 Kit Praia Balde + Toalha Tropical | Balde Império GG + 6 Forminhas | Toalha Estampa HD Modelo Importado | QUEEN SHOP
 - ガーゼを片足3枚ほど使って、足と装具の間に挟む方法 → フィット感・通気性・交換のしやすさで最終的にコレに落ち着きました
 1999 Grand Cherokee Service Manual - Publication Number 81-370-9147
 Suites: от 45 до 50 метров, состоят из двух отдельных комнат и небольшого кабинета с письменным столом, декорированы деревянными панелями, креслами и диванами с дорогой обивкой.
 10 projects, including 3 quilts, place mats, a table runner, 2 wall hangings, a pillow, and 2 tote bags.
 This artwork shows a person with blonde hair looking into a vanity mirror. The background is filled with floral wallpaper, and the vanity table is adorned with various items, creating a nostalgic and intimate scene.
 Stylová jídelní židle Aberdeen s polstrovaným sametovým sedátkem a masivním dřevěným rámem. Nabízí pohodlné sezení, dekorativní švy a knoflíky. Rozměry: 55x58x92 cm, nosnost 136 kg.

...

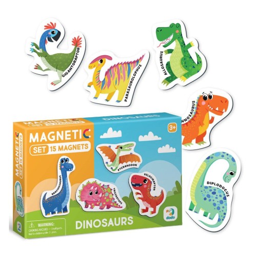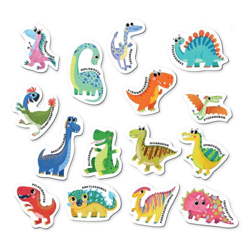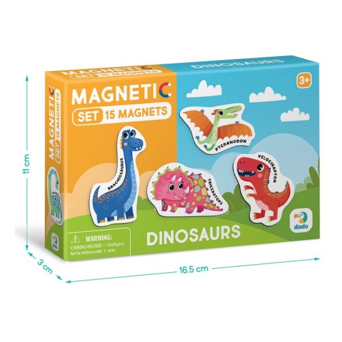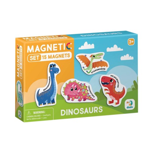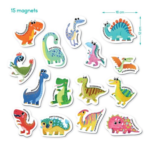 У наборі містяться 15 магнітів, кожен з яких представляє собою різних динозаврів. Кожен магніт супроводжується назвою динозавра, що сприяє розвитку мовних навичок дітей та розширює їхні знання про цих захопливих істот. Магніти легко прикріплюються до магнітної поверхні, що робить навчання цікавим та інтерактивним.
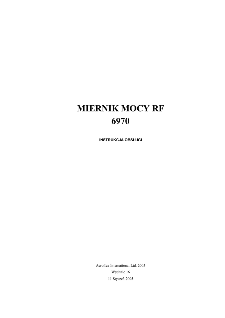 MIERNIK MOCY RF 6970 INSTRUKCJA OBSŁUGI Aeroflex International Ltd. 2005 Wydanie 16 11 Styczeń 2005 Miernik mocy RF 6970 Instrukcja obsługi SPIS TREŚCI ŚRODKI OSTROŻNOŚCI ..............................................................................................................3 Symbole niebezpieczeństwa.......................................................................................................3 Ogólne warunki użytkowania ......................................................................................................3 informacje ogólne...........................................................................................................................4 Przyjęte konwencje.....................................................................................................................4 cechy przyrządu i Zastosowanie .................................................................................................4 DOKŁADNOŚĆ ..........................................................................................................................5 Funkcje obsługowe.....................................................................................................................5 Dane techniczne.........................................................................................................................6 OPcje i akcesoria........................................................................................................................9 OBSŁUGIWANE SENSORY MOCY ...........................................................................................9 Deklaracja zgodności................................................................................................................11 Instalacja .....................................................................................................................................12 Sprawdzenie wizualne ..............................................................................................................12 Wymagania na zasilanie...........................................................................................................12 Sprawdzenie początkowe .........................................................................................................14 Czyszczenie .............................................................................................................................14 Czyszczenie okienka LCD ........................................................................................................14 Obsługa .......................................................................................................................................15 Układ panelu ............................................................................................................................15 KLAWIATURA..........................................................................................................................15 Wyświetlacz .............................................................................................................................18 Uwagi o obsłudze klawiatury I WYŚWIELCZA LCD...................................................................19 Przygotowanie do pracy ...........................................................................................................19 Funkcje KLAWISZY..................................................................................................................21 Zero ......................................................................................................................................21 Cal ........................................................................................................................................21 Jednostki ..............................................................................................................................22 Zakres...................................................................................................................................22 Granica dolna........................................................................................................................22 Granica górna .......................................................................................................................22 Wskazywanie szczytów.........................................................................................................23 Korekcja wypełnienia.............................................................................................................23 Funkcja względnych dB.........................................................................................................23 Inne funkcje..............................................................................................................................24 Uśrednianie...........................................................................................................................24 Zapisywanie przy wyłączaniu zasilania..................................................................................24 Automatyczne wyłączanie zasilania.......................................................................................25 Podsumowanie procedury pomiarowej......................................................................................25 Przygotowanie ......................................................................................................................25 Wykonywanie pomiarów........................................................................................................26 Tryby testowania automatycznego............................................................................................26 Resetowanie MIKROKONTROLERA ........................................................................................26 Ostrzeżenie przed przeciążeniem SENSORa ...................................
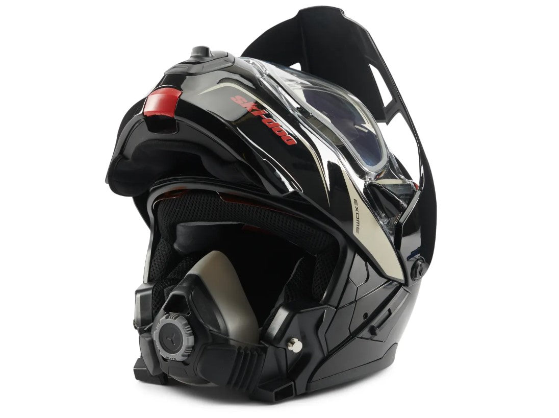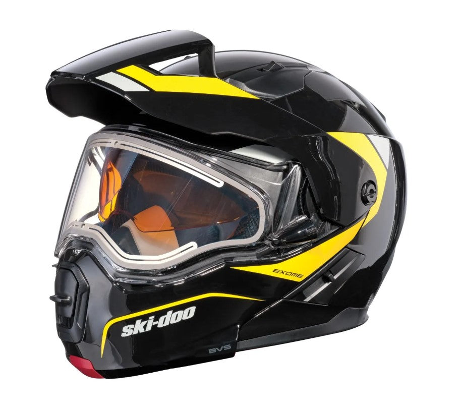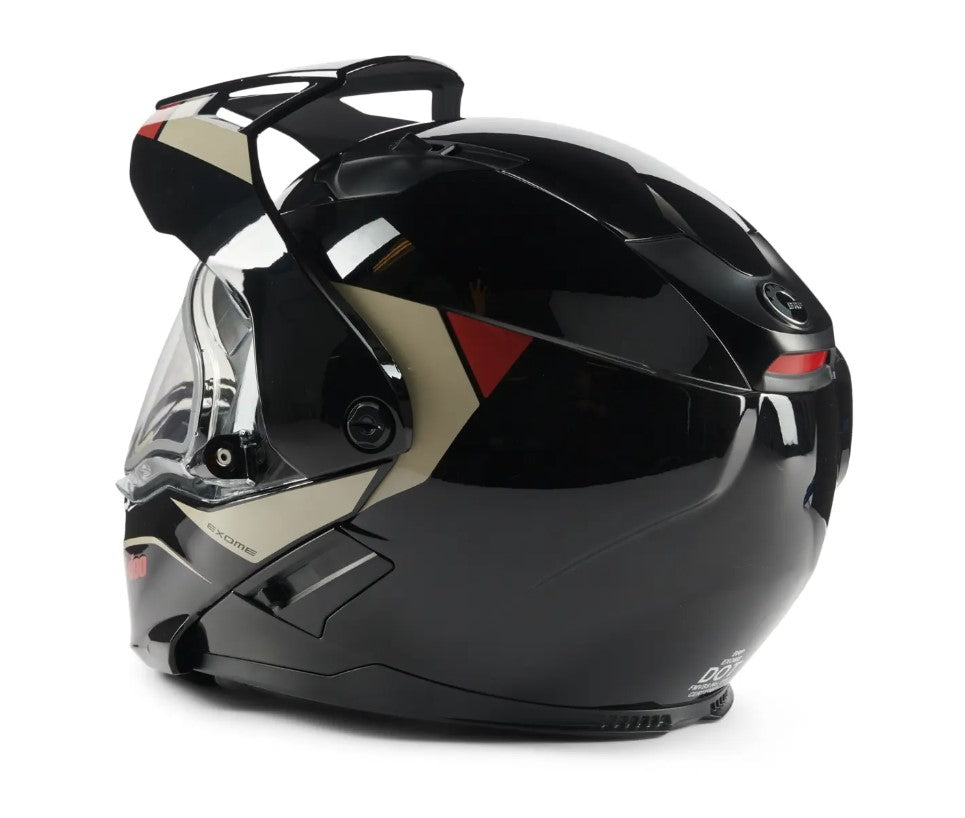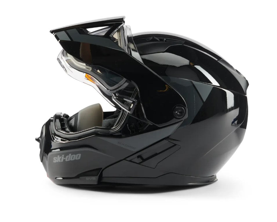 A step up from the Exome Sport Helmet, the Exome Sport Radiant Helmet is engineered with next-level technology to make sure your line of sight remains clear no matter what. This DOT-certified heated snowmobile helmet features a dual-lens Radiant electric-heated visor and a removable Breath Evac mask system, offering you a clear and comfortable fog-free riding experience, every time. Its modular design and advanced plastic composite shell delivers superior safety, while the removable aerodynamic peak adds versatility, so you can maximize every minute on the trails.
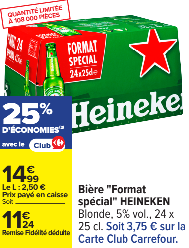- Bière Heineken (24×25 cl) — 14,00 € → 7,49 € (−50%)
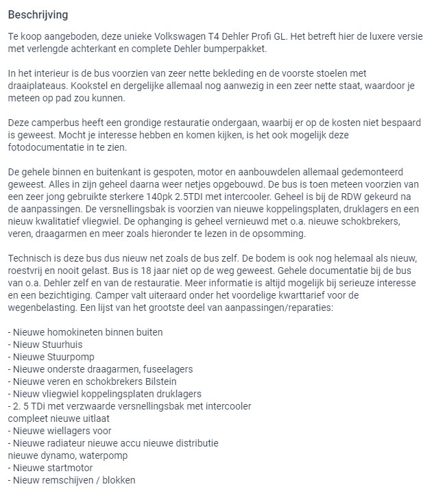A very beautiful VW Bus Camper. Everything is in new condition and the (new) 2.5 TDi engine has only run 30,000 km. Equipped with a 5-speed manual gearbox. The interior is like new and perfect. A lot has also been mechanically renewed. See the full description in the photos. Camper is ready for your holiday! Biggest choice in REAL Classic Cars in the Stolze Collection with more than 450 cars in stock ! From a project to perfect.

==

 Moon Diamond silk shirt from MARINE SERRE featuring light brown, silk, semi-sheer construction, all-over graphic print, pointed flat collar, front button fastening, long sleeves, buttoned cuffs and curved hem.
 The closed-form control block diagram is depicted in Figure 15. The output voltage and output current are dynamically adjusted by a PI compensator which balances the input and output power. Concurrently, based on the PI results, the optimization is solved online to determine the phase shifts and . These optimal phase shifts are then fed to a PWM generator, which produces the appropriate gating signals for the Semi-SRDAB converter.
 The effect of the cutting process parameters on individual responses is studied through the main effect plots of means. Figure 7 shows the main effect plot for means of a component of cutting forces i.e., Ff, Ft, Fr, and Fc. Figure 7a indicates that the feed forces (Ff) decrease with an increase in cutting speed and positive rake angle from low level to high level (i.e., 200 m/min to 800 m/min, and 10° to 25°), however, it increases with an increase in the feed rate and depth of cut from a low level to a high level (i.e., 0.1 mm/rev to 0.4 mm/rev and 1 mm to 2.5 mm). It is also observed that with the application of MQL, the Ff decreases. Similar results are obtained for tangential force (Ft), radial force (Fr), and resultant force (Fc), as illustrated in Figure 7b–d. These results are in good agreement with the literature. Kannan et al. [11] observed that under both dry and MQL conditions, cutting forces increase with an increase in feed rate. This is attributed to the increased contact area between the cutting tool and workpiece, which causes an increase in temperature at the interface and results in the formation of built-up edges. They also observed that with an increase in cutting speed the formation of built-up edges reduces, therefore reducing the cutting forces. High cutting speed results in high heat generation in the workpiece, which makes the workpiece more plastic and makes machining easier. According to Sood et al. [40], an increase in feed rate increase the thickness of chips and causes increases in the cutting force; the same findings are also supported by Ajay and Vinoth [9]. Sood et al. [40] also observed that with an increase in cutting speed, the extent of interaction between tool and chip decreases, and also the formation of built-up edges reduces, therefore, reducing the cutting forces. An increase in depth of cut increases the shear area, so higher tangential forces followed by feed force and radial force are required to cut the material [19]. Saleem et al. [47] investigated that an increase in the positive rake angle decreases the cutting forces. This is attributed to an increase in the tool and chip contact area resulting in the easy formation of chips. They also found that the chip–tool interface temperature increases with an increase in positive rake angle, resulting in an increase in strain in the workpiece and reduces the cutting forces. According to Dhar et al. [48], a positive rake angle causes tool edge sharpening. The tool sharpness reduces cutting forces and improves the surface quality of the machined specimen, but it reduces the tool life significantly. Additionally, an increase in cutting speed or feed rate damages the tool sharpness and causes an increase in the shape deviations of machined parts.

- _TASK TO COMPLETE_
Among the entries above, the lines between the ones containing "This artwork shows" and "Stylová jídelní židle", inclusive, are to be transcribed exactly. No other line is to be given.

- _TASK SOLUTION_
 This artwork shows a person with blonde hair looking into a vanity mirror. The background is filled with floral wallpaper, and the vanity table is adorned with various items, creating a nostalgic and intimate scene.
 Stylová jídelní židle Aberdeen s polstrovaným sametovým sedátkem a masivním dřevěným rámem. Nabízí pohodlné sezení, dekorativní švy a knoflíky. Rozměry: 55x58x92 cm, nosnost 136 kg.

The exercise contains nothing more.